“The magic of compound returns is overwhelmed by the tyranny of compounding costs”
The sub-headline of this post is in quotation marks because it’s a direct quote from John Bogle, the father of the index investing strategy and the founder of The Vanguard Group. Bogle is a role model for me and many others who believe passive investing in index funds will always beat managed funds because, as Bogle said in the recent PBS special The Retirement Gamble: “The magic of compound returns is overwhelmed by the tyranny of compounding costs.”
We’ve discussed the tyranny of fees and commissions in the first two posts in this series on the new pyramid scheme, but perhaps the greatest of tyrannies comes in the form of one of the most popular types of investment vehicles being sold today: the Fixed Annuity.
As with any investment, if the value of the investment you select for your annuity goes up, your investment grows. And, if the value drops, you investment shrinks along with your eventual payout. But it gets much worse.

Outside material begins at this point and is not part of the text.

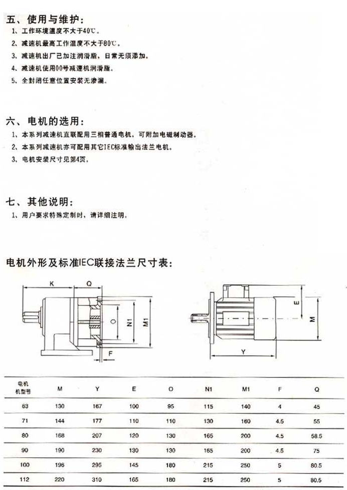 使用与维护电机的选用其他说明电机外型及标准IEC联结法兰尺寸表

You will pay taxes on the gains made by your variable annuity when you withdraw funds. If you withdraw early (before the age of 59.5 years), you’ll also pay a 10% penalty. The capital gains you acquire are taxed as ordinary income under a variable annuity. So, you are taking earnings that would otherwise be taxed as capital gains and treating this investment earnings as earned income, which is taxed at a much higher rate.
This should be more than enough to steer you away from variable annuities, but we haven’t even discussed fees yet. The typical variable annuity has sales commissions of 4%, management fees of 1%-2% and insurance charges of 1%. All of this is docked at the beginning of each year, so you open your annuity with significantly less than you actually put into it.